Only light fog, that quickly burned off, greeted the lazy crew this morning. There was plenty of time for a French Toast breakfast and minor chores while waiting for a little wind before shoving off for a planned short day's run of about 25 miles around to Quahog Bay. Our hopes, however were for a longer day's run with enough wind to add in miles of open water sailing before heading for the night's anchorage.

It's a short run to Goose Rock Passage from Robinhood where we took a sharp right into the narrow channel inside MacMahan Island. We squeezed through and emerged into the lower Sheepscot River where an old acquaintance was waiting in the distance. We suspected as much from the radio calls, and with hardly a comment, we rounded Outer Head and slid into a wall of fog. Rick called courses from the nav station, and confirmed buoys for Mel watching the cockpit radar repeater. Paul was at the helm with Steve and Brian standing lookout. It was all routine. Radar blips grew ever closer, then turned into passing boats when within a sixteenth of a mile.

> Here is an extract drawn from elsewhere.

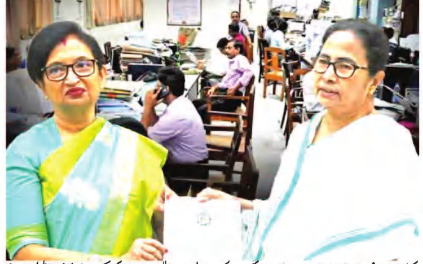
کولکاتا: 12 فروری (عوامی نیوز سروس) جو امیدی، اس کو پورا کرتے ہوئے، ریاست کی وزیر مملکت برائے خزانہ چندر میمانے نے بدھ کو اپنی بجٹ تقریر میں سرکاری ملازمین کے لیے چار فیصد مہنگائی (DA) کا اعلان کیا۔ اس کے نتیجے میں بدھ کو 18 فیصد ہو گیا۔ چندر میمانے نے کہا کہ توسیع شدہ ڈی اے کی اپریل سے لاگو ہوگا۔ اس سال بجٹ 2026 کے اسمبلی انتخابات سے پہلے وزیر اعلیٰ ممتا بنرجی کی حکومت کا آخری مہل بجٹ ہے۔ اس لیے ریاستی سرکاری ملازمین اس بجٹ میں مہنگائی (DA) کی ایک بڑی رقم کا اعلان کرنے کی امید کر رہے تھے۔ ان کا حساب یہ تھا کہ وزیر اعلیٰ آئندہ بجٹ میں اسمبلی انتخابات کو مد نظر رکھتے ہوئے کئی نئے منصوبوں کا اعلان کر سکتے ہیں۔ اس کے علاوہ روپاشری، کنیا مشری، اور لکشمی چندر میمانے کے لیے اضافی فنڈز مختص کیے جاسکتے ہیں۔ اس کی بنیاد پر، سرکاری ملازمین کا خیال ہے کہ حکومت ان کا حق جیتنے کے لیے بجٹ میں ڈی اے کی ایک بڑی رقم کا اعلان کر سکتی ہے۔

کولکاتا: 12 فروری (عوامی نیوز سروس) جو امیدی، اس کو پورا کرتے ہوئے، ریاست کی وزیر مملکت برائے خزانہ چندر میمانے نے بدھ کو اپنی بجٹ تقریر میں سرکاری ملازمین کے لیے چار فیصد مہنگائی (DA) کا اعلان کیا۔ اس کے نتیجے میں بدھ کو 18 فیصد ہو گیا۔ چندر میمانے نے کہا کہ توسیع شدہ ڈی اے کی اپریل سے لاگو ہوگا۔ اس سال بجٹ 2026 کے اسمبلی انتخابات سے پہلے وزیر اعلیٰ ممتا بنرجی کی حکومت کا آخری مہل بجٹ ہے۔ اس لیے ریاستی سرکاری ملازمین اس بجٹ میں مہنگائی (DA) کی ایک بڑی رقم کا اعلان کرنے کی امید کر رہے تھے۔ ان کا حساب یہ تھا کہ وزیر اعلیٰ آئندہ بجٹ میں اسمبلی انتخابات کو مد نظر رکھتے ہوئے کئی نئے منصوبوں کا اعلان کر سکتے ہیں۔ اس کے علاوہ روپاشری، کنیا مشری، اور لکشمی چندر میمانے کے لیے اضافی فنڈز مختص کیے جاسکتے ہیں۔ اس کی بنیاد پر، سرکاری ملازمین کا خیال ہے کہ حکومت ان کا حق جیتنے کے لیے بجٹ میں ڈی اے کی ایک بڑی رقم کا اعلان کر سکتی ہے۔ وزیر اعظم نریندر مودی کی حکومت نے حال ہی میں مرکزی حکومت کے ملازمین کے لیے آٹھویں تنخواہ کمیشن کے اعلان کے بعد مرکزی حکومت کے ملازمین اور مغربی بنگال کے ریاستی سرکاری ملازمین کی تنخواہوں اور ڈی اے کے درمیان فرق نمایاں طور پر بڑھنے والا ہے۔ اس سے ریاستی سرکاری ملازمین کی تنخواہوں کے مطالبات کو مزید تقویت ملی، جو ڈی اے کو لے کر طویل عرصے سے احتجاج کر رہی ہیں۔ سرکاری ملازمین ووٹ ڈالنے میں اہم کردار ادا کرتے ہیں۔ اس لیے انتظامیہ کے ایک طبقے کو لگتا ہے کہ ریاستی حکومت کو ریاستی بجٹ میں ان کے لیے کچھ اضافی کے بارے میں سوچنا چاہیے۔

One fun blip turned out to be a Danish yacht going in our direction. We slowed so Brian could give give them a hail in Danish, and learned that Selene was headed for Portland this day. That was one small step in a longer journey to Florida for the winter before returning to her home port of Aarhus in Denmark next spring.

Around Cape Small we debated setting sail, but wind around or under 5 and continuing fog nixed that idea. We turned north between islands heading for Quahog Bay. But it was barely after noon and no one wanted to sit on an anchor the rest of the day. We spun the boat and headed back to sea, turning west to go explore Cliff Island, one of our initial anchorages that we passed up when we went straight to Boothbay. Maybe it was our determination that drove away the fog.

With the wind still light, a short detour took us to a mooring behind Eagle Island where Paul & Brian went ashore to tour the Admiral Peary house. Rick, Steve and Mel had been there before, and stayed aboard. When they returned, we pushed on to explore Jewel Island, and confirmed that, beautiful as it is, the swinging room for Javelin would, as Steve put it, keep you awake at night.

Finally, at 1521 we set sail in 5.8 knots of wind. Mel steered us close hauled parallel to the shore making a little over 5 knots as the wind briefly strengthened over seven knots. Fifty minutes later we gybed around the end of Junk of Pork Island and set the spinnaker for an easy run back to Jewel Island. In a dying breeze we dropped the chute just before the Jewel Island cove. With sails furled, we turned across the shallow bar into Calif Island Harbor and dropped anchor just beyond the one boat already there. Grilled steak, garlic & anchovy spinach, with pears and cheese for dessert passed for dinner. A songfest trumped a movie this night.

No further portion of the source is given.